Data extracts →
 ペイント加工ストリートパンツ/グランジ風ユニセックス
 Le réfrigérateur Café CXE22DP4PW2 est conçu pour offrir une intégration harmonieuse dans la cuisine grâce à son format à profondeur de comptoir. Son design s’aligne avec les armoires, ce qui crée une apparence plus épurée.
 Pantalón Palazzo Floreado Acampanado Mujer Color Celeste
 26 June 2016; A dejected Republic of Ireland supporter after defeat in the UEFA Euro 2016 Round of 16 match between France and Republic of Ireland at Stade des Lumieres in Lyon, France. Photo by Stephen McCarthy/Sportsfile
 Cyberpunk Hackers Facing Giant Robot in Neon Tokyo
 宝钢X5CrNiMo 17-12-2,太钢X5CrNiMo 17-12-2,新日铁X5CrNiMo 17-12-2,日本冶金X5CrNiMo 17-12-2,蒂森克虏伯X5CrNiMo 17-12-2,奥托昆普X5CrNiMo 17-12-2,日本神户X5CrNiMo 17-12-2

---

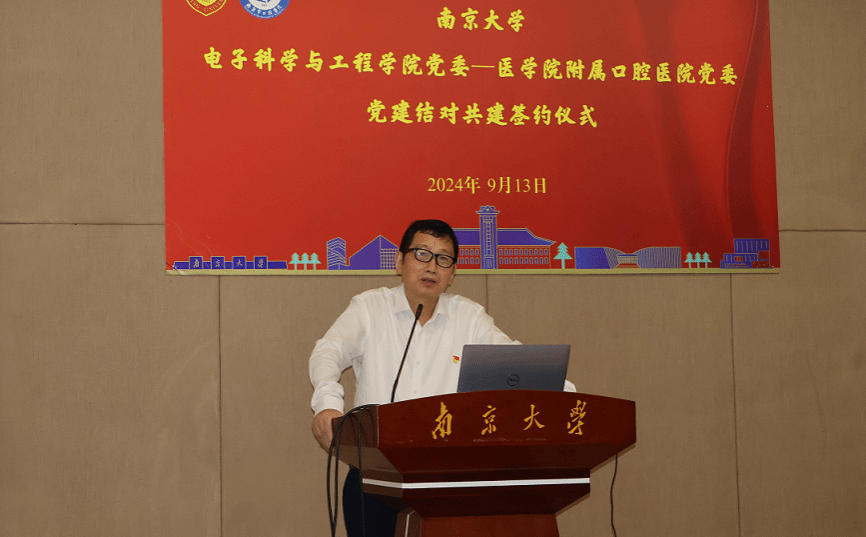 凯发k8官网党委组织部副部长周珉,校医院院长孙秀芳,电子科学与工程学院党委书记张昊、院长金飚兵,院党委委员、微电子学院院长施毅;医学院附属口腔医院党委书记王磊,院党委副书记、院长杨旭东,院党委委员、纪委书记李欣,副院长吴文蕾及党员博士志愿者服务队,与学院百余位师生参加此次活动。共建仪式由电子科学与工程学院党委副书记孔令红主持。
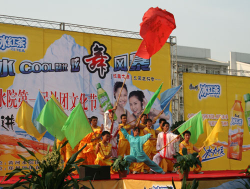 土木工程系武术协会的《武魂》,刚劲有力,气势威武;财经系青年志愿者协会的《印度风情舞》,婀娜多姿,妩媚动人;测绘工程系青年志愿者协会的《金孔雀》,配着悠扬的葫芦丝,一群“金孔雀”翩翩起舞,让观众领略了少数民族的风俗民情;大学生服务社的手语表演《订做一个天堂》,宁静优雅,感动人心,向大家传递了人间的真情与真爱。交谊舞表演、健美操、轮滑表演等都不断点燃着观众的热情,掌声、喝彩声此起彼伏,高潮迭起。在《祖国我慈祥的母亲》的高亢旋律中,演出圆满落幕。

Exercise brief →
Look back at the entries above and repeat, unchanged, every line from the line holding "ペイント加工ストリートパンツ/グランジ風ユニセックス" through the line holding "Pantalón Palazzo Floreado".

Output →
 ペイント加工ストリートパンツ/グランジ風ユニセックス
 Le réfrigérateur Café CXE22DP4PW2 est conçu pour offrir une intégration harmonieuse dans la cuisine grâce à son format à profondeur de comptoir. Son design s’aligne avec les armoires, ce qui crée une apparence plus épurée.
 Pantalón Palazzo Floreado Acampanado Mujer Color Celeste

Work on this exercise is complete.